Re: [sigc] Re: [gtkmm] libsigcx and gtkmm 2.4
- From: Daniel Elstner <daniel elstner gmx net>
- To: Christer Palm <palm nogui se>, Martin Schulze <martin-ml hippogriff de>
- Cc: libsigcx-main lists sourceforge net, libsigc-list gnome org, Gtkmm List <gtkmm-list gnome org>
- Subject: Re: [sigc] Re: [gtkmm] libsigcx and gtkmm 2.4
- Date: Sun, 13 Jun 2004 00:03:36 +0200
Am Sa, den 12.06.2004 um 15:19 Uhr +0200 schrieb Christer Palm:
> Thanks Martin!
>
> I "stole" the basic principles from your class to create my own variant
> of a multi-argument Gtk::Dispatcher. As I think this is some pretty
> useful stuff, I'm posting the result here.
>
> Perhaps this could be adapted to go into the Glibmm distribution?
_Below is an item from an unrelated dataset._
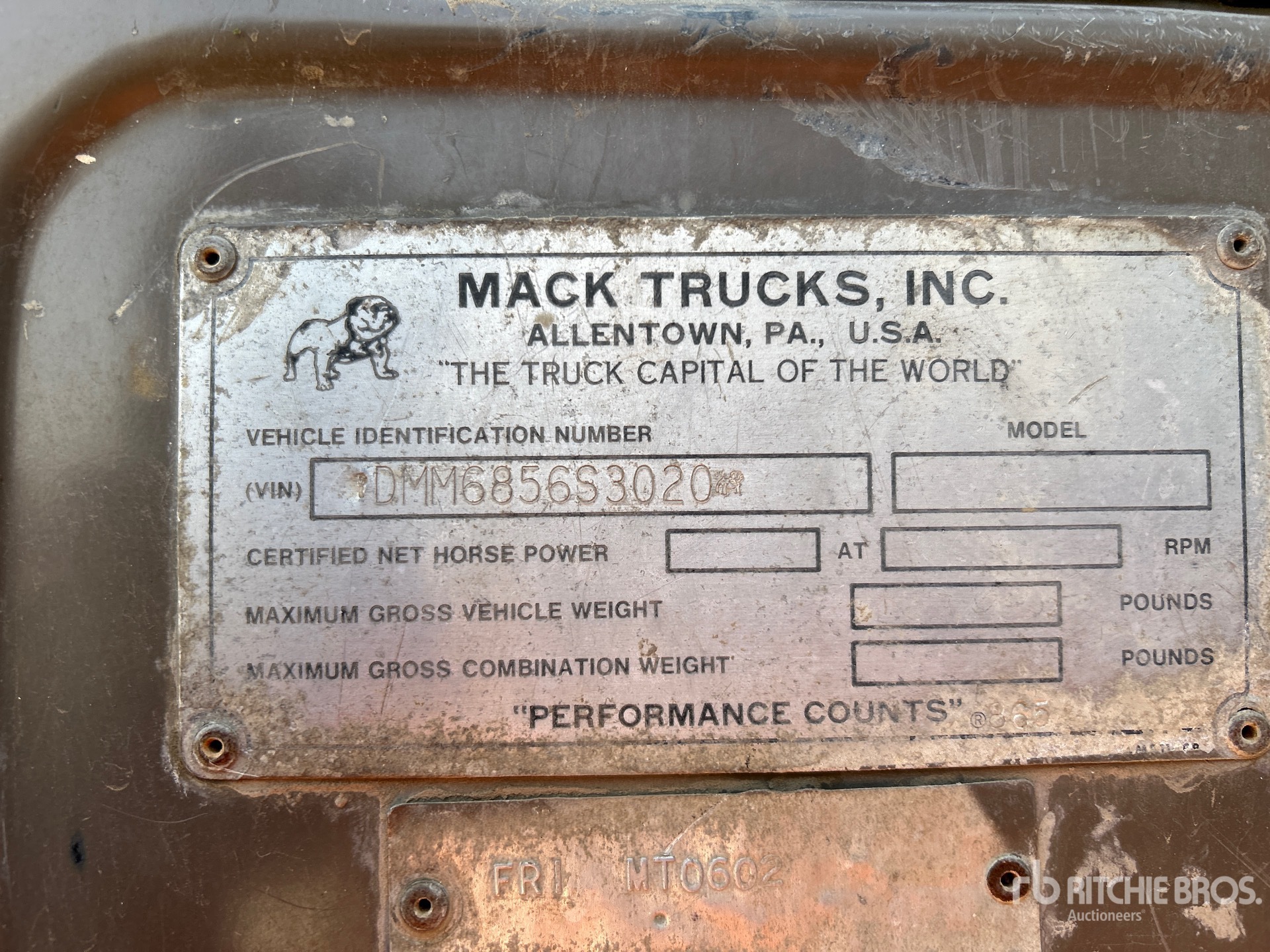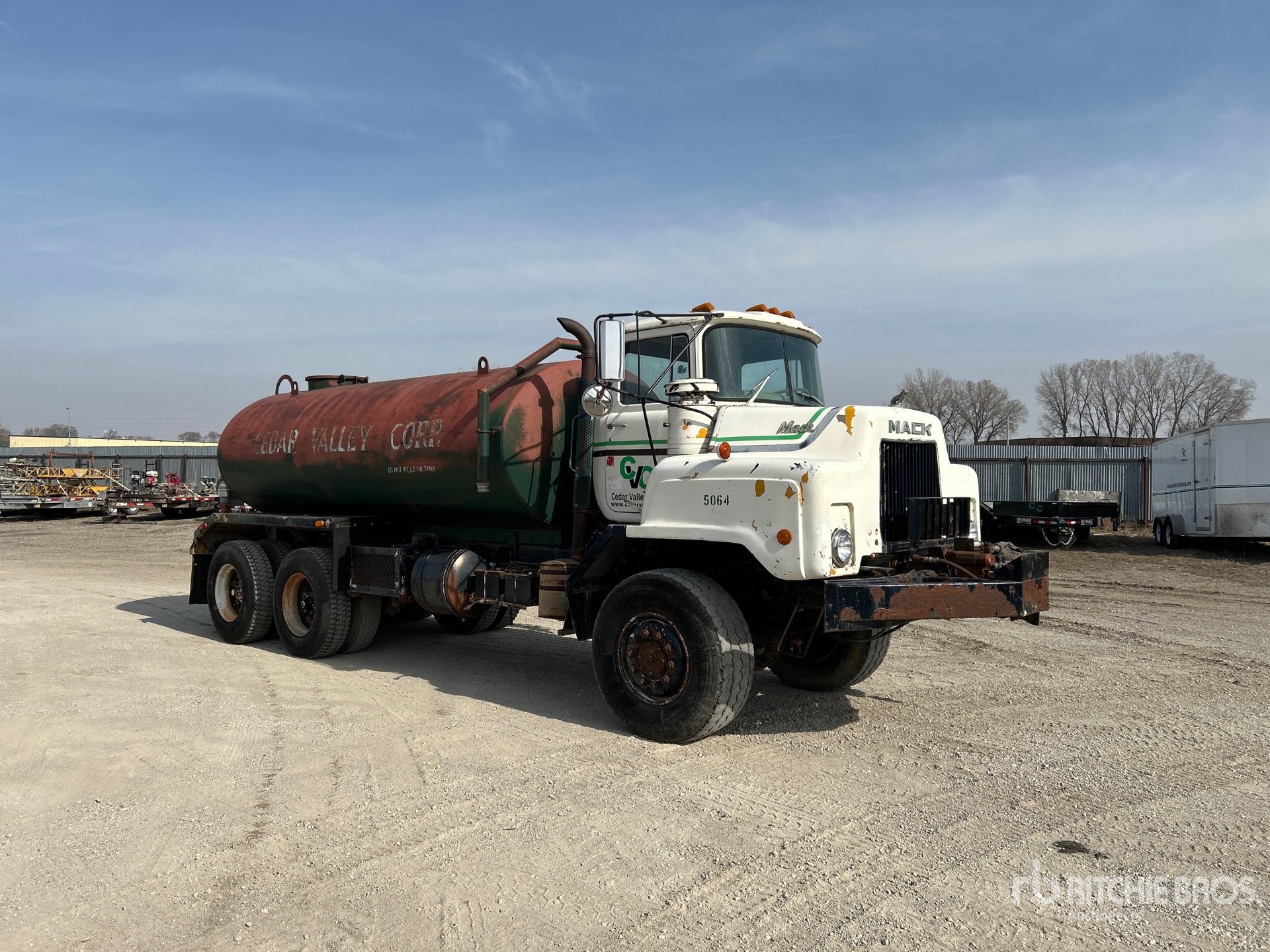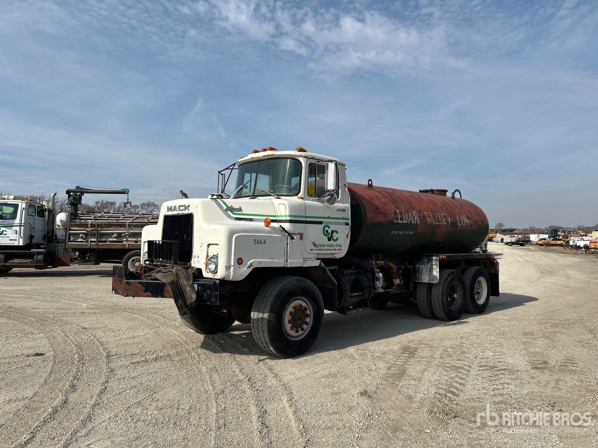 Mack ETZ675 6 Cylinder Diesel 235 hp Engine, 1980 US EPA Label, 3751 Engine hrs, Mack Manual Transmission, 425/65R22.5 Front Tires, 11R22.5 Rear Tires, Double Frame, Spring Suspension, 195 in Wheelbase, PTO, Steel Tank, Sekies Hydraulic Driven Pump, 0 ft 60 in, Spray Bar, Rear Spray

> Let me all know what you think.
The problem is that I'm still not convinced that cross-thread signalling
with arguments can be implemented correctly as a generic template. From
Martin's description of the SigCX solution it appears that a so-called
synchronous mode is used to get around that:
disp.tunnel(sigc::bind(&foo, std::string("hello world")));
/*
- call this function from any thread;
- bind up to 7 arguments at once
- pass 'true' as a second argument if the slot should
be executed synchronously;
- make use of signal::make_slot() if the dispatcher
should emit a signal;
*/
Hmm std::string is a perfect example of an argument type that requires
special handling. So assuming "synchronously" does what I think it
does, why doesn't the example use this mode?
How does this synchronous thing work? Does it really wait for the main
loop to process the signal, and wouldn't that defeat the purpose of
threads? Even if it does this you still need mutex locking to protect
the memory being shared (ensuring that event A happens after event B is
not enough due to the way modern hardware works; you definitely need
memory barriers too).
Also, you can always use plain Glib::Dispatcher in conjunction with a
Glib::Mutex to pass data around. This way you're forced to think about
the locking which is IMHO a good thing.
When I thought about adding signal parameter support to Glib::Dispatcher
a while ago, I played with the idea of making Glib::Dispatcher provide a
low-level interface for sending raw blocks of memory through the pipe.
On top of that there could be some kind of plugin interface that
requires you to implement two functions that convert your data to raw
memory and back again. I don't think it should be entirely automagic
through templates since that'd give the user a false sense of security.
The big advantage of course is avoidance of any locking whatsoever.
Comments, corrections, insights, etc. will be appreciated.